ECLI:NL:CRVB:2004:AQ6759
Centrale Raad van Beroep
- Hoger beroep
- J. Janssen
- A.C.W. van Huussen
- Rechtspraak.nl
Weigering herziening van WAO-uitkering wegens toegenomen arbeidsongeschiktheid door andere oorzaak
In deze zaak gaat het om een hoger beroep van appellante tegen een uitspraak van de rechtbank Almelo, waarin de weigering van het Uitvoeringsinstituut werknemersverzekeringen (Uwv) om de WAO-uitkering van appellante te herzien, werd bevestigd. Appellante had op 9 oktober 2002 hoger beroep ingesteld tegen de uitspraak van 17 september 2002, waarin de rechtbank oordeelde dat de toegenomen arbeidsongeschiktheid van appellante het gevolg was van een andere oorzaak dan waarvoor zij reeds een uitkering ontving. De Centrale Raad van Beroep heeft de zaak behandeld op 11 juni 2004, waarbij appellante in persoon verscheen, bijgestaan door haar belangenbehartiger.
De Raad heeft vastgesteld dat appellante in 2001 een vragenlijst had ingevuld in het kader van een herbeoordeling, wat leidde tot een besluit van het Uwv om haar uitkering te herzien naar een mate van arbeidsongeschiktheid van 15 tot 25%. Dit besluit was gebaseerd op onderzoeken door een verzekeringsarts en een arbeidsdeskundige. Appellante had bezwaar aangetekend tegen de beslissing van het Uwv, maar dit bezwaar werd ongegrond verklaard. De rechtbank oordeelde dat de toename van haar arbeidsongeschiktheid niet het gevolg was van de reeds bestaande aandoeningen, maar van andere oorzaken.

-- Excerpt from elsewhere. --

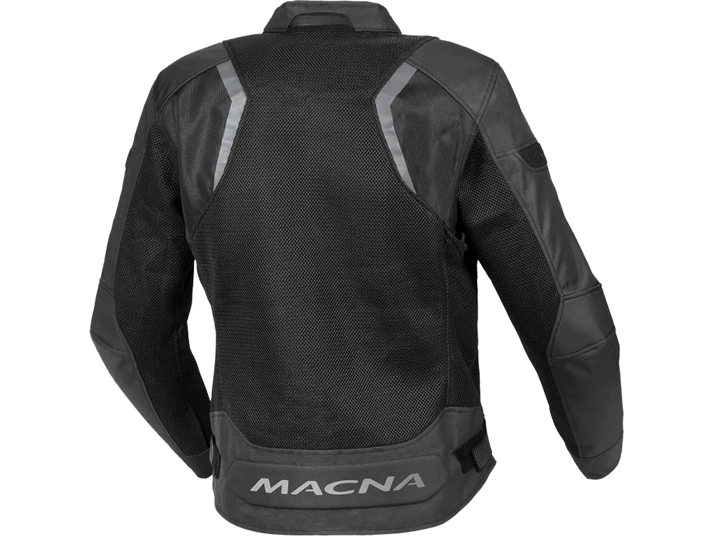 Куртка укомплектована вставной вентилируемой защитой локтей и плеч RISC уровня 1. Через отверстия свежий воздух попадает под щитки. Защита обработана антибактериальным средством и сохраняют приятный запах даже при долгой езде в жару. Снаружи их дополняют мощные пластиковые накладки. Macna Velotura готова к установке жёсткой защиты спины, но её придётся приобрести отдельно. Мотокуртка Macna Velotura сертифицирована по стандарту EN17092 A.

De Centrale Raad van Beroep heeft de uitspraak van de rechtbank bevestigd en geoordeeld dat er geen termen aanwezig zijn om de beslissing van het Uwv te herzien. De Raad heeft daarbij de overwegingen van de rechtbank onderschreven en benadrukt dat de subjectieve beleving van appellante niet voldoende was om tot een andere conclusie te komen. De Raad heeft ook opgemerkt dat de orthopedisch chirurg De Windt, die door appellante was geraadpleegd, zich kon verenigen met het belastbaarheidspatroon dat door het Uwv was vastgesteld. De Raad concludeert dat de toename van de arbeidsongeschiktheid van appellante per 25 september 2000 het gevolg is van een andere oorzaak dan waarvoor zij reeds een uitkering ontving.